Oh, that is a bummer your OB changed her tune like that. Plenty of people never have an u/s near the end of pregnancy and would never even know if the cord was around the neck. Plus, it is routine practice to check for a cord around the neck (and remove it if there is) AFTER the baby's head is born vaginally. It isn't a big deal. And yeah, why would it be different for you than any other mother, when they would do a c/s only if the cord was actually causing problems during delivery. I am so sick of hearing about doctors coming up with all kinds of bs reasons to push women in to repeat c-sections. It sounds like your dr has been great up until now, and I hope she isn't showing her true colors at the last minute. I'd go in and tell her you've done your research and a cord around the neck doesn't sound like that big of a deal and if it were, wouldn't everyone be sent for a u/s before delivery? And that you still fully expect to be able to try for a VBAC and you hope you still have her support.
I'm a mat nurse and lots of babies are born with the cord around their neck without any trouble. After the head is delivered, we check for a cord, and slip it off over the baby's head. If it is tight, we clamp it early and cut, then deliver the body.
Sometimes cords do cause problems in labor (which is usually speculation because very rarely do we know the location of the cord prior to delivery). A particularly short cord or a baby tangled can cause trouble with descent, and sometimes the cord may get compressed dangerously with contractions, but that is why we keep an eye on baby's heart rate in labor... Cross that bridge when, and more likely if, you come to it.
ITA that this doctor is trying to scare you. There really is no need. I'd say no thank you and quickly choose a different doctor if she presses you further. At least you see the agenda she may have before you are in labor.
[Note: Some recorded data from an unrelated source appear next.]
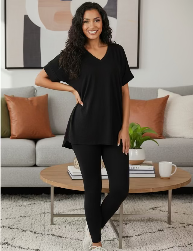 The 2-piece loungewear set is crafted from a brushed dry microfiber blend, consisting of 90% polyester and 10% spandex. This composition ensures optimal softness and comfort, while the perfect stretch and recovery provide an ideal fit. The fabric's performance makes it suitable for both relaxation and light activity.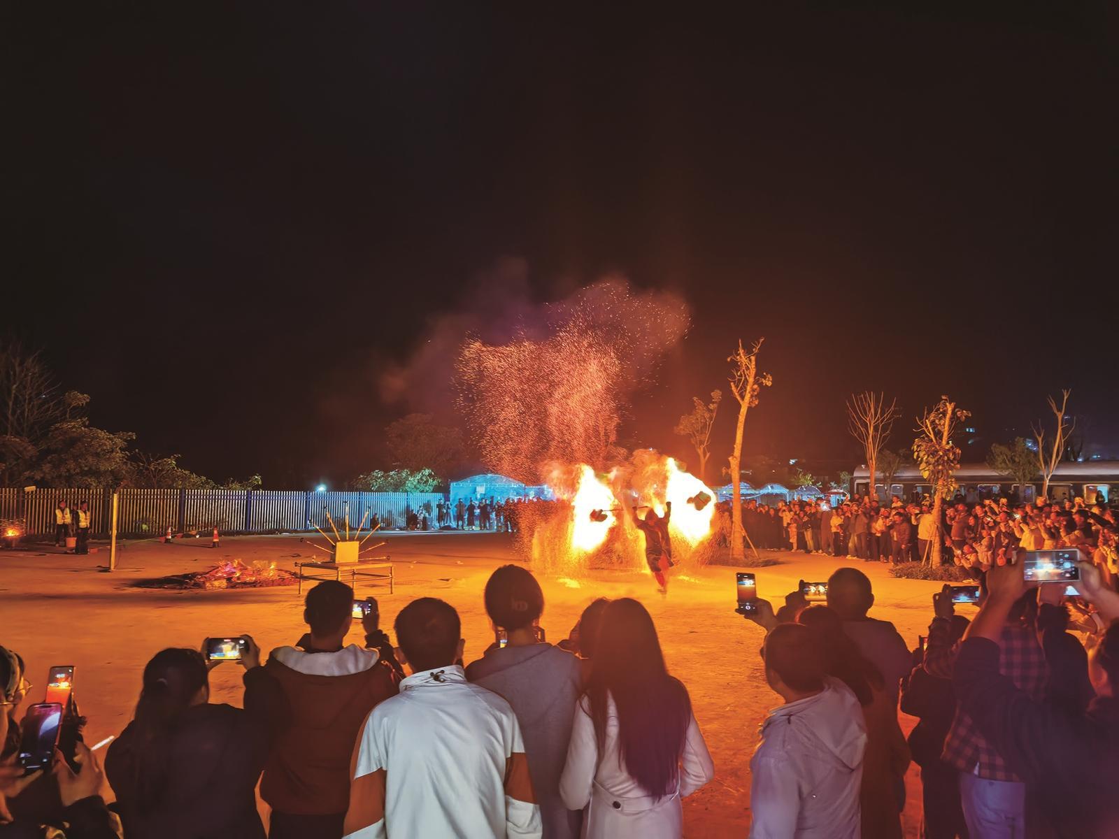 夜幕降臨,篝火燃起,打歌隊(duì)伍踏歌歡舞,歌聲與舞步傳遍街巷。打鐵花、火壺表演、風(fēng)火輪鐵水秀輪番上演,火光璀璨、氛圍熱烈,年味十足。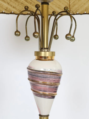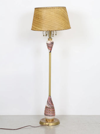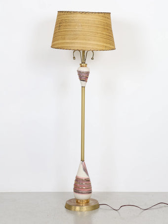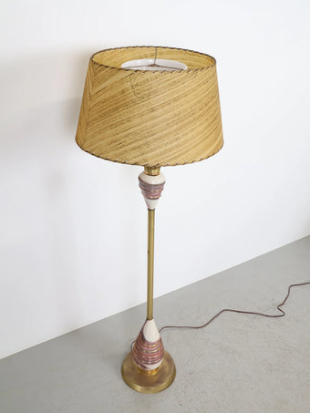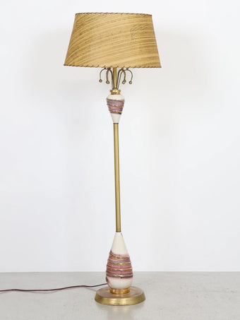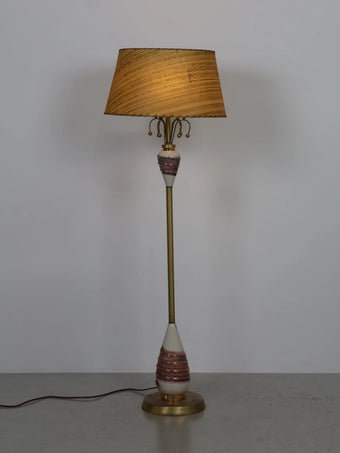 1950年代 ヴィンテージ セラミック & ブラスベース ミッドセンチュリーモダン フロアランプ

~Joy~ DS1-8/5/05, DS2-10/18/10 (VBAC#1), DS3- 4/11/12 (VBAC#2!)
Thanks for the thoughts, everyone!
I think I got myself freaked out because I read all these horror stories of people losing their babies in utero due to cord accidents, but at the same point, I realized that many MANY people don't know the cord location prior to delivery. I had a 31 week BPP with DS with no mention of the cord, and at 36 weeks when I went into labor, he was in distress. His heart rate never dropped, it was just very flat. I think that made my doc (she's no longer with the practice) nervous, and she tried to speed things up. I was progressing fine on my own, but she went ahead and did AROM and an internal monitor and an epi before I was even 5 cm. I know one intervention can lead to another, but I was scared he didn't "look right" on the monitors. When they did a scratch test (scratched his head to scare him and spike his HR), his HR dropped from 150 to 80, then came back up. That was the first and only decel we saw. At that point, I was told it was time for a c/s. When DS was born, he had the cord around his neck three times.
So, I guess I sort of have experience with cord issues, and I guess DS's being around his neck is what ultimately caused my first c/s. I guess I'm just worried of it being pushed again. I honestly can say I truly don't think my doctor yesterday was pushing an agenda on me. She has always been so supportive of my VBAC (even when I complained about another doc trying to play the big baby card, she said not to worry about it), so I'm not sure where her answer came from. I don't see her at my next appointment, but see MY actual doctor. I'm hoping to have an informed discussion with him about this should the cord still be there.
I think what I'm going to do is, if the cord is still around his neck at 36 weeks, tell them I want to go into labor on my own. I think at that point, when I get admitted to the hospital, I will request an u/s to see where the cord is at. If it's not there, then awesome and leave me the F alone. If it is there, then I will consent to continuous (albeit mobile) monitoring and a heplock to keep track of him. If at any point he shows distress, I will go for the c/s. I obviously don't want to play with his life, and will opt for the c/s if at any moment he is in danger.
I think that is a good, proactive course of action. Right?